Looking for Simplicity in Medicine
A simple life has a different meaning and a different value for every person. For me, it means eliminating all but the essential, eschewing chaos for peace, and spending your time doing what’s important to you.
It means getting rid of many of the things you do so you can spend time with people you love and do the things you love. It means getting rid of the clutter so you are left with only that which gives you value.Leo Babauta, Zen Habits
One of my key values and dreams for 2009 is finding simplicity. This focus was unplanned, but has come about through reviewing 2008, and looking at the coming year. It is currently popular to think about living more simply, and people are beginning to see the value in slow food, close relationships and a focus on living the life.
I think this is also a key issue in medicine, and I want to try to address it in my life.
Medicine is complex
Medicine and the health professions are self-complexifying.
- Lots of information to assimilate
- A surplus of patients to see
- Less doctors than we would like
- Shifting goalposts
- The lack of medical fellowship
- More documentation
The state of the art is Evidence Based Medicine. And the Evidence is overwhelming. Each change in practice is normally supported by multiple trials, and meta-analyses. As individuals, we are expected to keep up, and filter out the irrelevant, without missing the paradigm-shifting results.
This means there is always pressure to fit someone else in, to not go home.

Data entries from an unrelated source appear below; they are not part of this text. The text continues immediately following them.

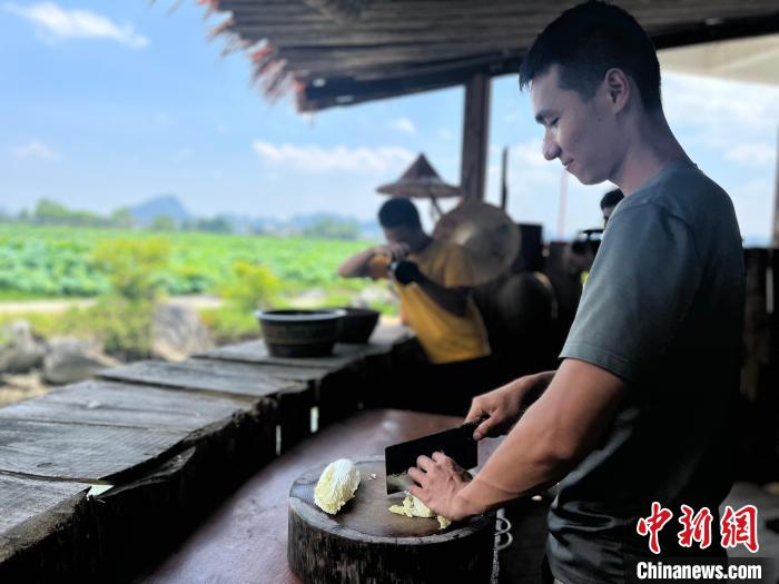 在广西柳州市柳江区百朋镇,队友拍摄韦文员切菜画面,制作家乡美食视频。李娇阳 摄
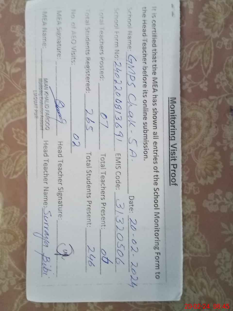 | Attendance Register | Head Teacher | MEA with School | Visit Proof |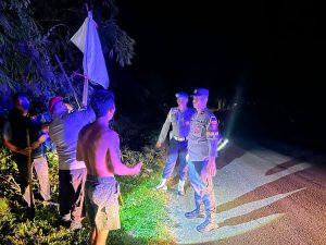 Personel Pamapta Polres Sekadau bergerak cepat mengamankan lokasi genangan air yang membahayakan pengendara di Jalan Sekadau – Sintang, Senin (15/12/2025). Laporan diterima sekitar pukul 22.00 WIB melalui Call Center 110 Polri setelah warga melaporkan adanya pengendara yang terjatuh.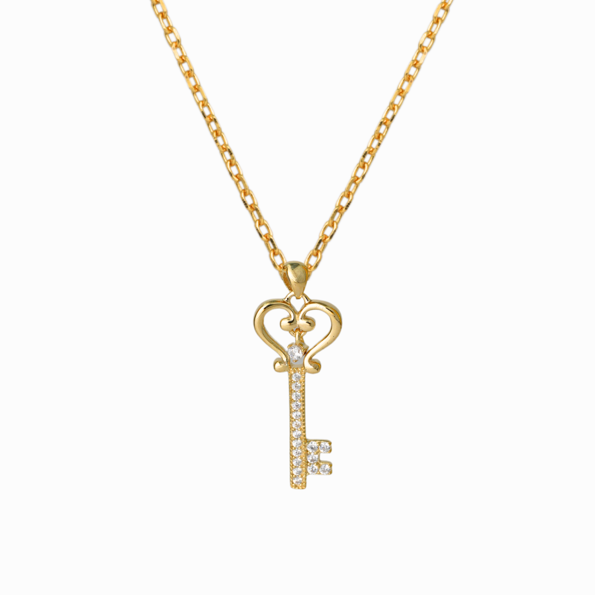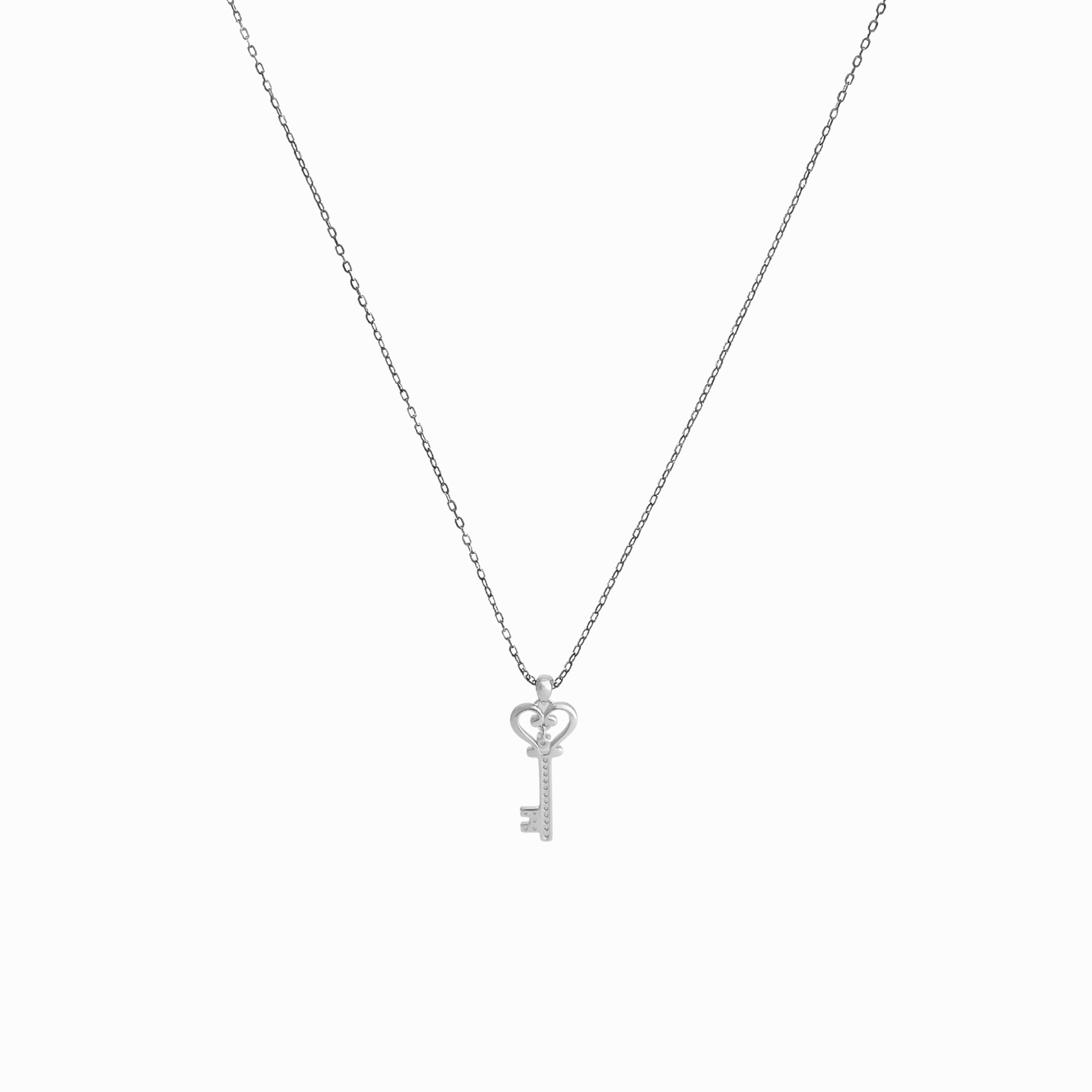 Unlock elegance with our Heart Key CZ Pendant Necklace. Crafted in rhodium‑plated 925 sterling silver, this delicate key‑shaped pendant sparkles with precision‑set CZ. Suspended from an adjustable 17 inch chain (15 inch + 2 inch extension), it offers versatile styling from collarbone to décolletage. Perfect for gifting or layering, this CZ key necklace adds a touch of modern sophistication to any outfit. Whether worn solo for minimalist flair or paired with your favorite charms for a curated look. Elevate everyday elegance and let the Heart Key Pendant Necklace be the statement piece that unlocks compliments.
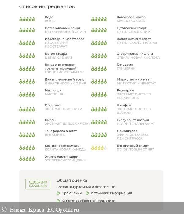 СОСТАВ: ВОДА, МАСЛО КОКОСА, ЦЕТЕАРИЛОВЫЙ СПИРТ, ЦЕТИЛОВЫЙ СПИРТ, ИЗОСТЕАРИЛ ИЗОСТЕАРАТ, ЦЕТИЛ ФОСФАТ КАЛИЯ, ЦЕТИЛ СТЕАРАТ, СТЕАРИНОВАЯ КИСЛОТА, ГЛИЦЕРИЛ СТЕАРАТ SE, ГЛИЦЕРИН, ДИКАПРИЛОВЫЙ ЭФИР, МИРИСТИЛ МИРИСТАТ, МАСЛО ШИ, ЭКСТРАКТ ЛИСТЬЕВ РОЗМАРИНА, ЭКСТРАКТ ОБЛЕПИХИ, ЭКСТРАКТ ЛИСТЬЕВ ШАЛФЕЯ, ЭКСТРАКТ ШИШЕК ХМЕЛЯ, НАТРИЯ ГИАЛУРОНАТ, ВИТАМИН Е, ЭФИРНОЕ МАСЛО ЛЕМОНГРАССА, КСАНТАНОВАЯ КАМЕДЬ, БЕНЗИЛОВЫЙ СПИРТ, ЭТИЛГЕКСИЛГЛИЦЕРИН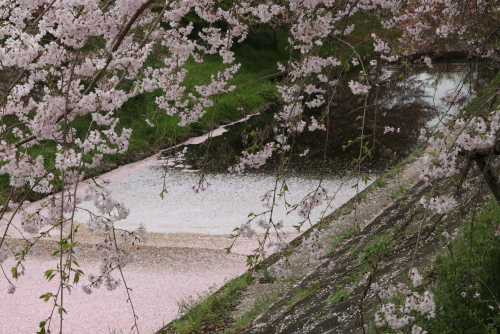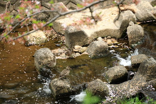 近くのレストランで昼食後自由解散となりましたが、多くのメンバーは近くの佐保川の桜へ向かいました。ここは佐保川の両岸に桜並木が続いていて花が散ればきっとすごい花筏になるだろうと思いますが、こちらもピークを過ぎてだいぶ花が少なくなっていてところどころで花筏が見られたのですが。佐保川にそってずっと歩いて奈良駅から一つ手前の近鉄新大宮駅で終了です。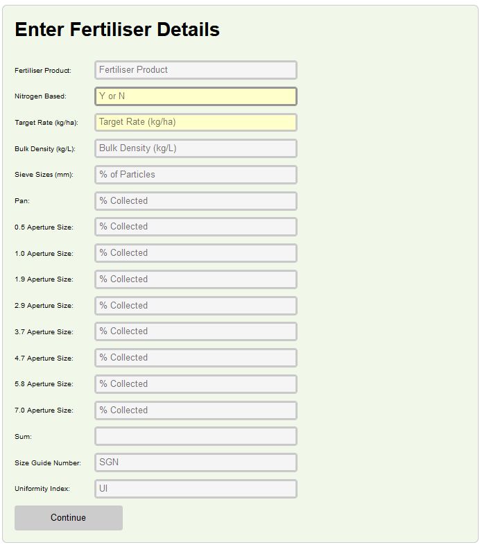 In the Fertiliser Details screen, enter the fertiliser being used. This is imprtant as different products will perform deifferently in a machine.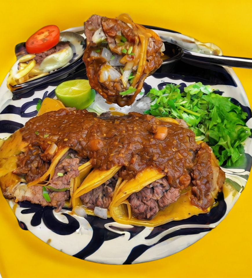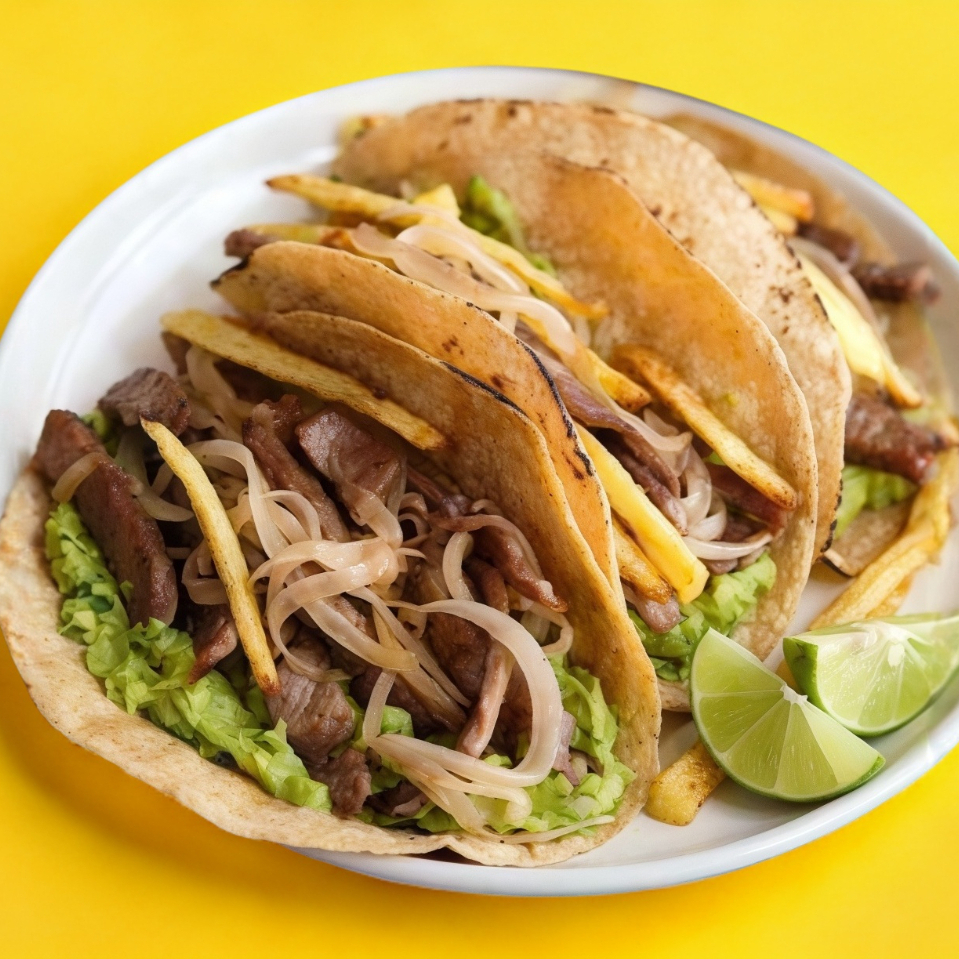 Tortilla de maíz con queso Oaxaca, cecina, papas a la francesa y cebollas asadas.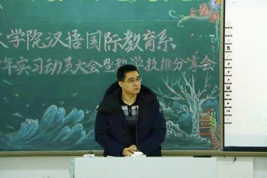 为激发学生实习热情,引导学生做好实习准备,推进汉语国际教育专业学生实习工作提质增效,beat365于2023年12月21日上午,在盛乐校区行知楼422教室成功举办了汉语国际教育系2024年实习动员大会暨教学技能分享会。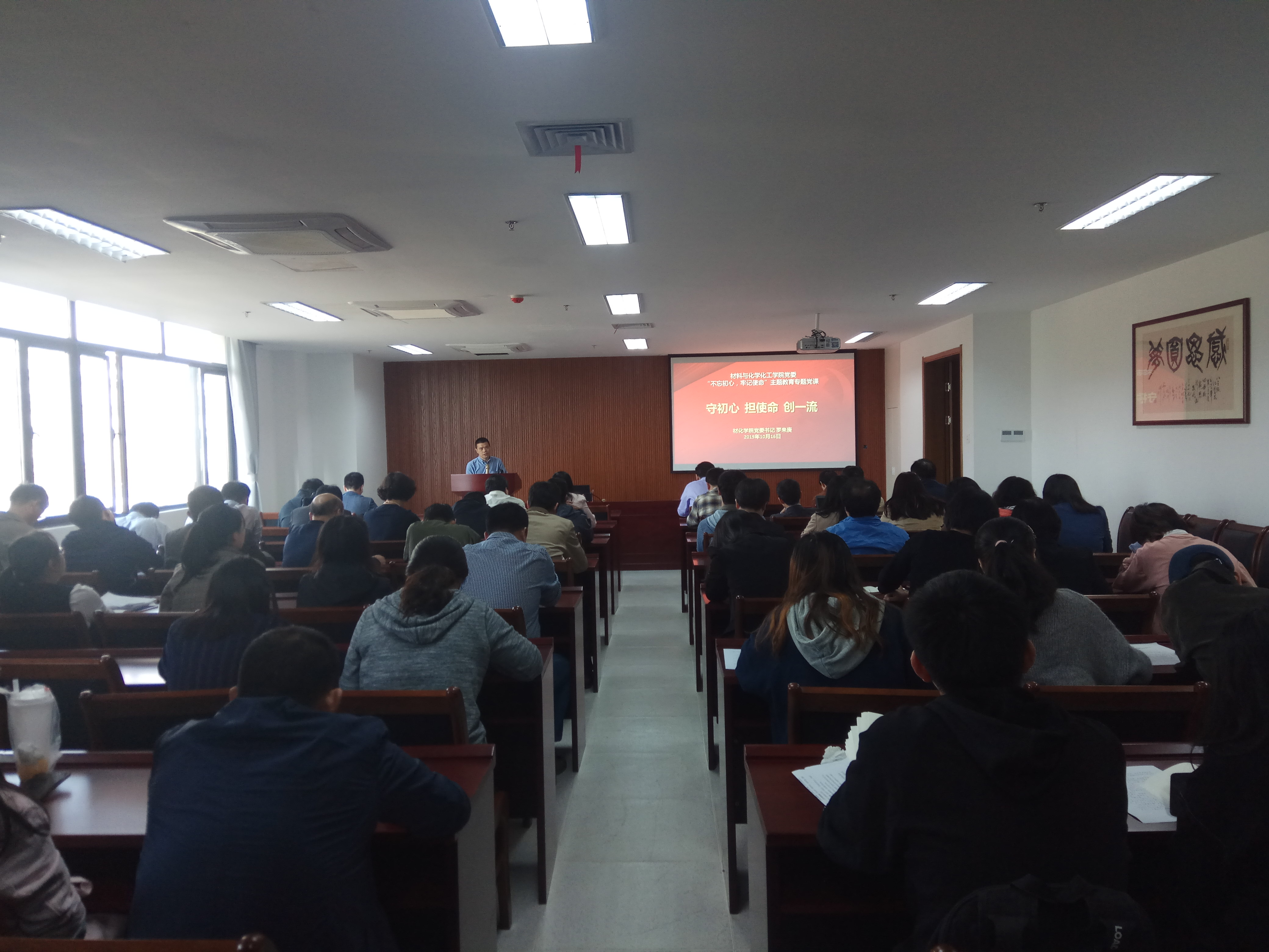 10月16日下午,材化学院“不忘初心、牢记使命”主题教育专题党课在勤园17号楼210会议室举行。院党委书记罗来庚、院长章鹏飞分别上了专题党课,全院教职工、学生党员参加了党课学习。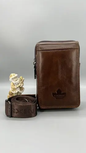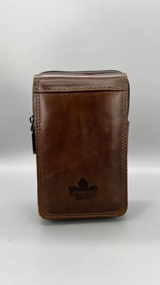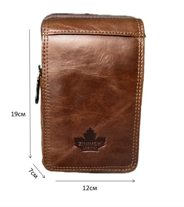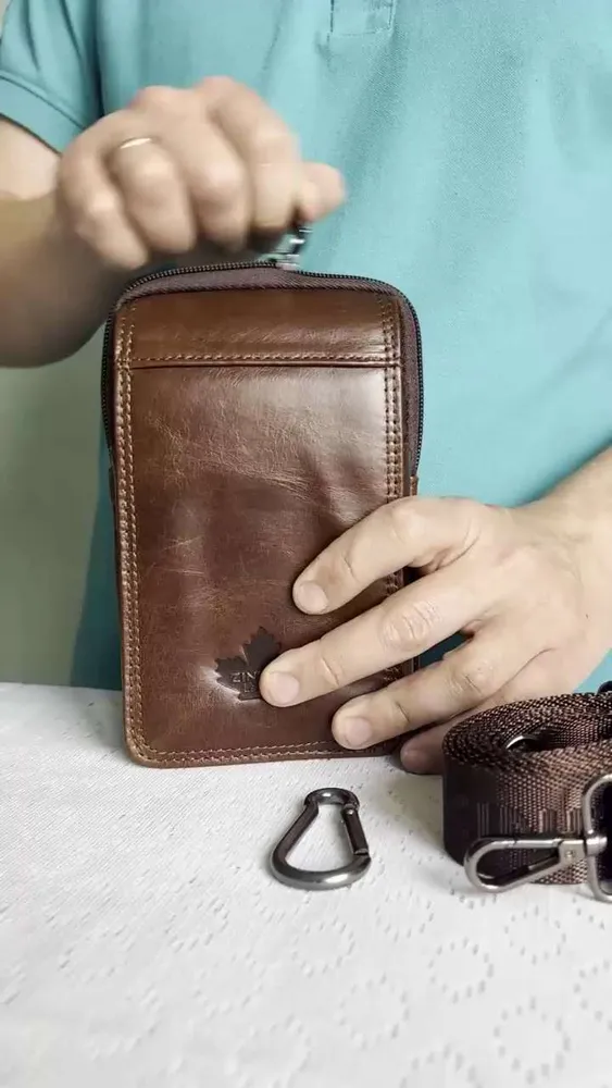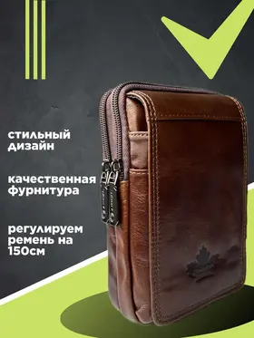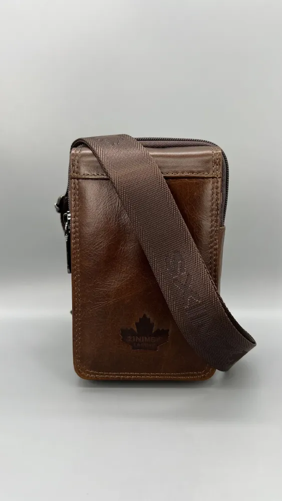Кожаная сумка на пояс мужская, коричневая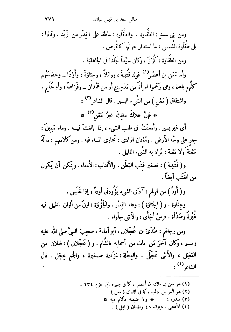 وأما مَعْن بن أعصُر فولد قُتيبةَ ووائلاً، وجِثاوَةَ، وأَوْداً. وحضنَتهم كلهم باهلة، وهي زَعَموا امرأةٌ من مَذحِج أو من هَمْدان. وفَرّاصاً، وأبا عُلَيم.

When there are less doctors than necessary, we need to turn people away if we want to slow down. There is no one else to mop up.
Best practice changes. We all know guidelines have changed, targets for hypertension, or cholesterol drop. Preventative medicine guidelines change. We need to keep up. It creates a sense of unfinished business to know this stuff can change without us realising.
Dealing with other professionals is a vital part of maintaing sanity, and even staying current. But this is the time we tend to sacrifice, if we feel under pressure. So fellowship gets mixed into “drug dinners” and other functions. In the end, we get our peer-support scheduled by local pharma reps, or crammed into breaks between patients
The need for documentation has increased with medico-legal pressure. The growth of multi-doctor practices also means that a doctor can’t keep their patient information in their head in fear of disadvantaging a colleague.
How to Make Achieve Simplicity in Medicine
According to Leo Babauta of Zen Habits, there are two steps to achieving simplicity:
- Identify that which is important to you
- Eliminate everything else
I am obviously not an expert on having a simple life, but I am going to use the next couple of posts on this blog to explore ways of achieving Simplicity in Medicine. I can only look at the field in which I work. Please contact me if you are willing to share your ideas for Simplicity in Medicine.
What do you think?
Do you think medicine is too complex? Is it inevitable? What makes it all so complicated? Leave your thoughts in the comments below.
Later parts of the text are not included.